## Extracted data
═══

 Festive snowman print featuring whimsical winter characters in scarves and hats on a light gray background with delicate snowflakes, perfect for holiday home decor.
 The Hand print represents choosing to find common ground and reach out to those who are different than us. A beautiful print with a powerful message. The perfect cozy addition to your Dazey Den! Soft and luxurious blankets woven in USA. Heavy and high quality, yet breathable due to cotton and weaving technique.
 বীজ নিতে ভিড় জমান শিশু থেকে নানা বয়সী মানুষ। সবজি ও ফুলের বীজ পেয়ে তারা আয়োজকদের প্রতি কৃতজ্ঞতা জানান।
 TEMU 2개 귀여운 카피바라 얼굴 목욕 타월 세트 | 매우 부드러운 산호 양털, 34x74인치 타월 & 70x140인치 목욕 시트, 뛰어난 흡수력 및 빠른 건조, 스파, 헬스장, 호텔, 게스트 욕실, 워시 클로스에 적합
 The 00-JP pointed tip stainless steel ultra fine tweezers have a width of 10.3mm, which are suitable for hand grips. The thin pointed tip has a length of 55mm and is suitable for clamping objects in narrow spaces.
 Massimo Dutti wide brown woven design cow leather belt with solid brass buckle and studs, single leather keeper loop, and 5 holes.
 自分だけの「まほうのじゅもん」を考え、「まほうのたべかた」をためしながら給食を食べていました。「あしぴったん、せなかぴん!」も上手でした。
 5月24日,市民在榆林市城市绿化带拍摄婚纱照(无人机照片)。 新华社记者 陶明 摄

═══

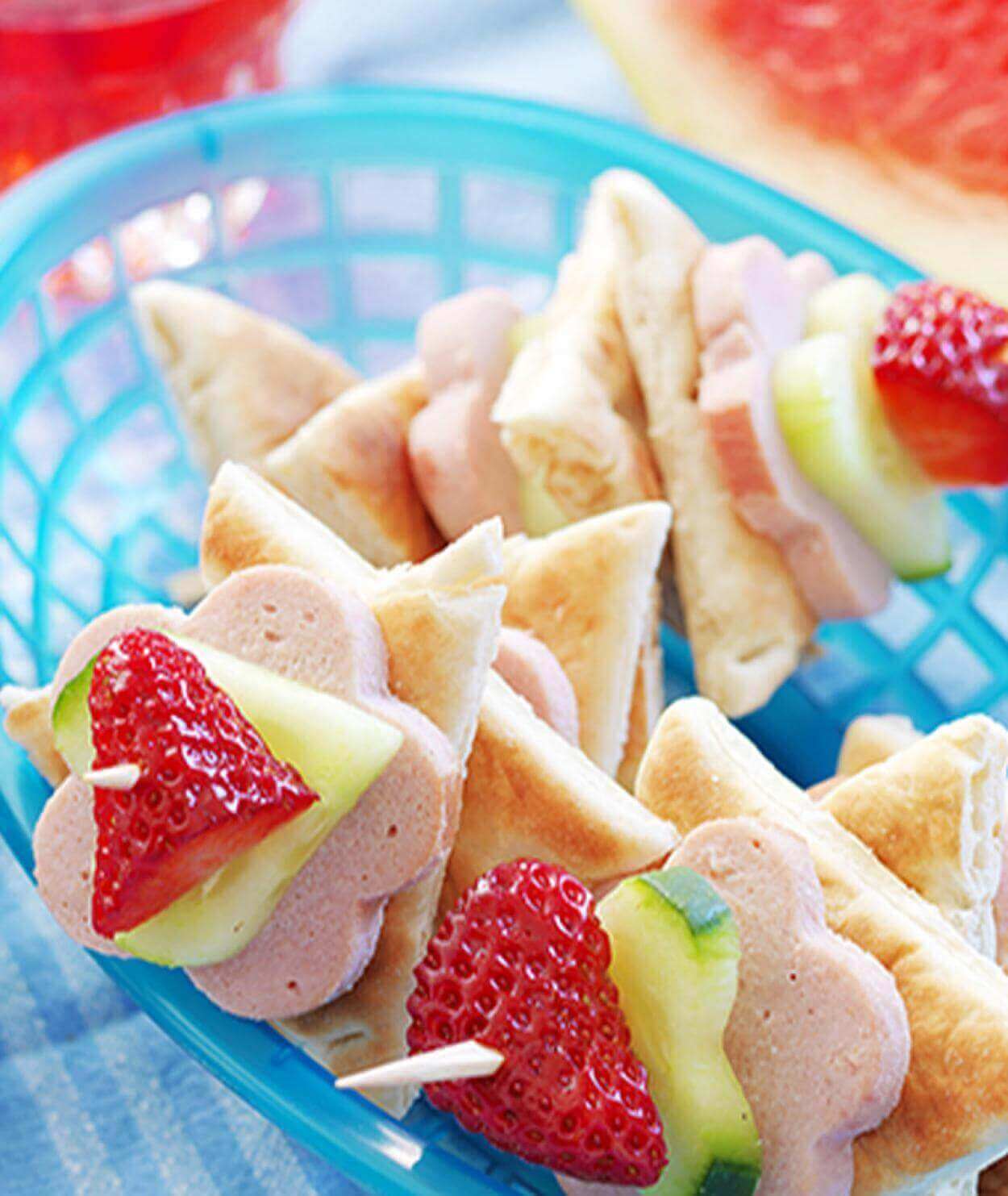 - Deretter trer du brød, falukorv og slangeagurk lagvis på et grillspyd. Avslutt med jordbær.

═══

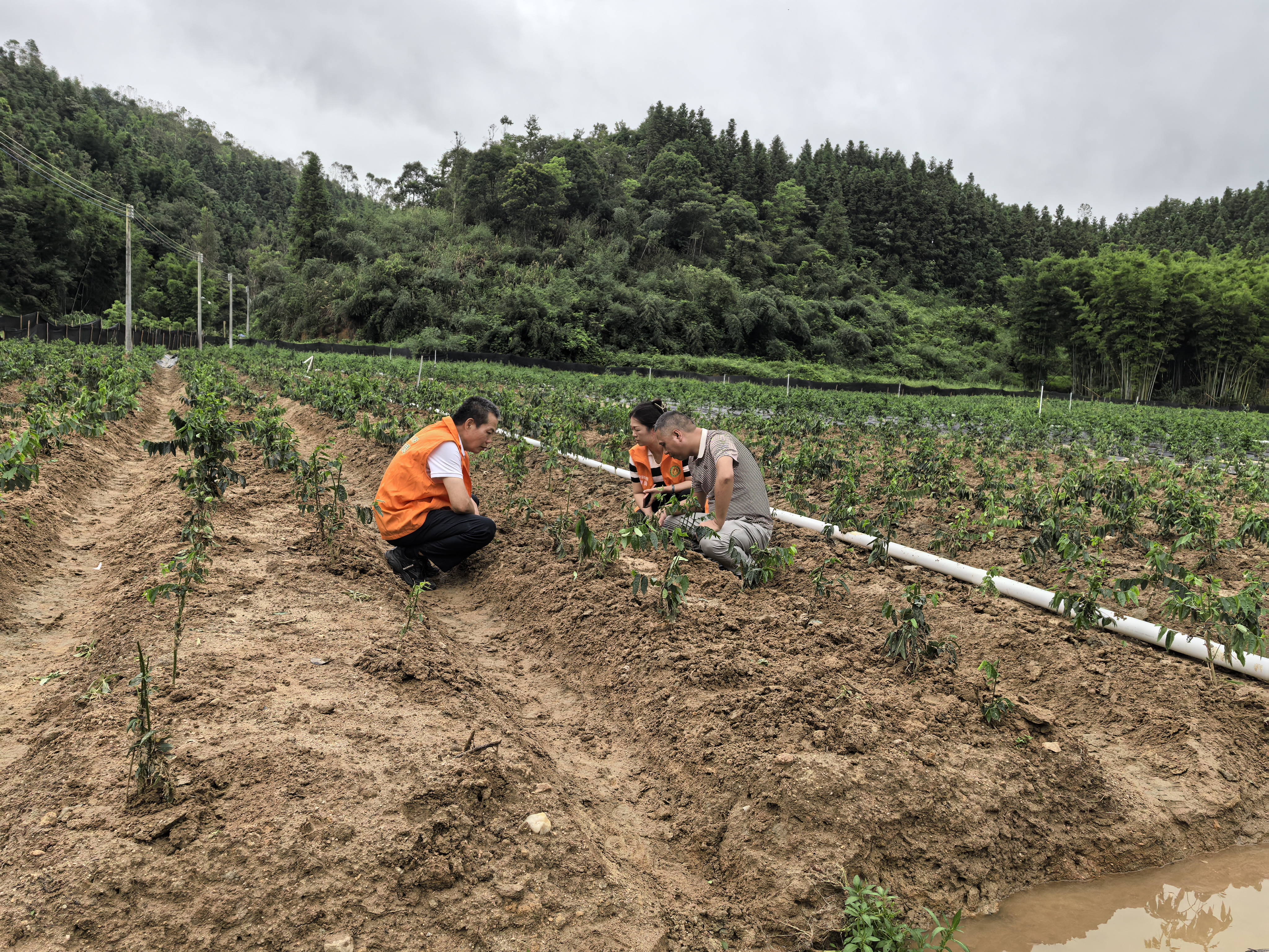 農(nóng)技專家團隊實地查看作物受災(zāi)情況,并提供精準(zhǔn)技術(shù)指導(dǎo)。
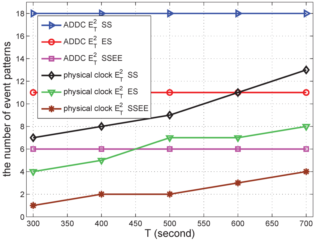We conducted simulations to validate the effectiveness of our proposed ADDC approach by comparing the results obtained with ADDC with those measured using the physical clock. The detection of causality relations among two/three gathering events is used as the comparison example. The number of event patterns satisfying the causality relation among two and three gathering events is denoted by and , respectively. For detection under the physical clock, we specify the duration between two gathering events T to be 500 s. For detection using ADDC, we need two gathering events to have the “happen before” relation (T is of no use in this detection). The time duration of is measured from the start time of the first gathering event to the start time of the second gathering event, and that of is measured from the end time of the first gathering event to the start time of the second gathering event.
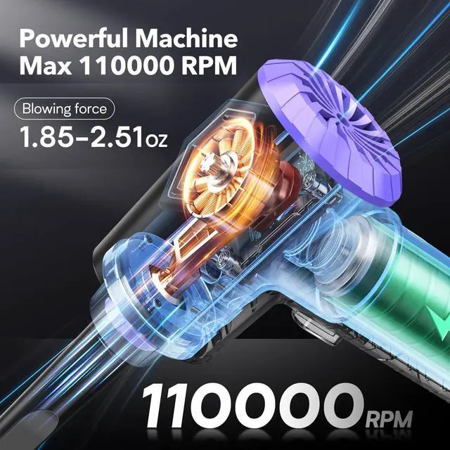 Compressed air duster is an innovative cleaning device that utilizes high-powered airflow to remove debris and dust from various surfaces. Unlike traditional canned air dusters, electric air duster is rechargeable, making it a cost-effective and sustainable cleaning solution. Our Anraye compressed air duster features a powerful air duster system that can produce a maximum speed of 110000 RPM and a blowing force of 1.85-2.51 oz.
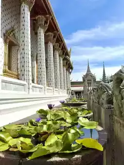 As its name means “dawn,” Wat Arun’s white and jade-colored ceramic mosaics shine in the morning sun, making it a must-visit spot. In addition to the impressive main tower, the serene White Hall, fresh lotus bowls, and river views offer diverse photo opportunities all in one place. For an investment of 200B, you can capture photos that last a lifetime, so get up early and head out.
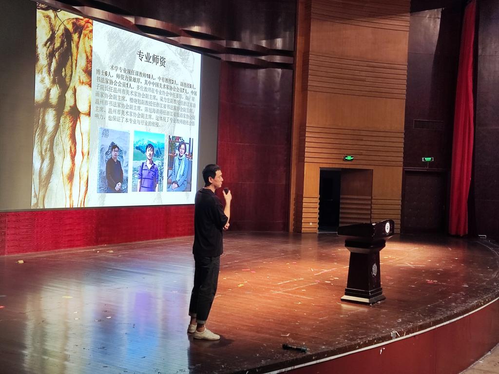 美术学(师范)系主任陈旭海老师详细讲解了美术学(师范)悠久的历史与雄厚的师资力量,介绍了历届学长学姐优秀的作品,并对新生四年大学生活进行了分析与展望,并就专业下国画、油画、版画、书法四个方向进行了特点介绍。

═══

## Task item
Using the data above, transcribe exactly the lines between those containing "Compressed air duster is" and "美术学(师范)系主任陈旭海老", inclusive, and leave every picture behind.

## Output below
 Compressed air duster is an innovative cleaning device that utilizes high-powered airflow to remove debris and dust from various surfaces. Unlike traditional canned air dusters, electric air duster is rechargeable, making it a cost-effective and sustainable cleaning solution. Our Anraye compressed air duster features a powerful air duster system that can produce a maximum speed of 110000 RPM and a blowing force of 1.85-2.51 oz.
 As its name means “dawn,” Wat Arun’s white and jade-colored ceramic mosaics shine in the morning sun, making it a must-visit spot. In addition to the impressive main tower, the serene White Hall, fresh lotus bowls, and river views offer diverse photo opportunities all in one place. For an investment of 200B, you can capture photos that last a lifetime, so get up early and head out.
 美术学(师范)系主任陈旭海老师详细讲解了美术学(师范)悠久的历史与雄厚的师资力量,介绍了历届学长学姐优秀的作品,并对新生四年大学生活进行了分析与展望,并就专业下国画、油画、版画、书法四个方向进行了特点介绍。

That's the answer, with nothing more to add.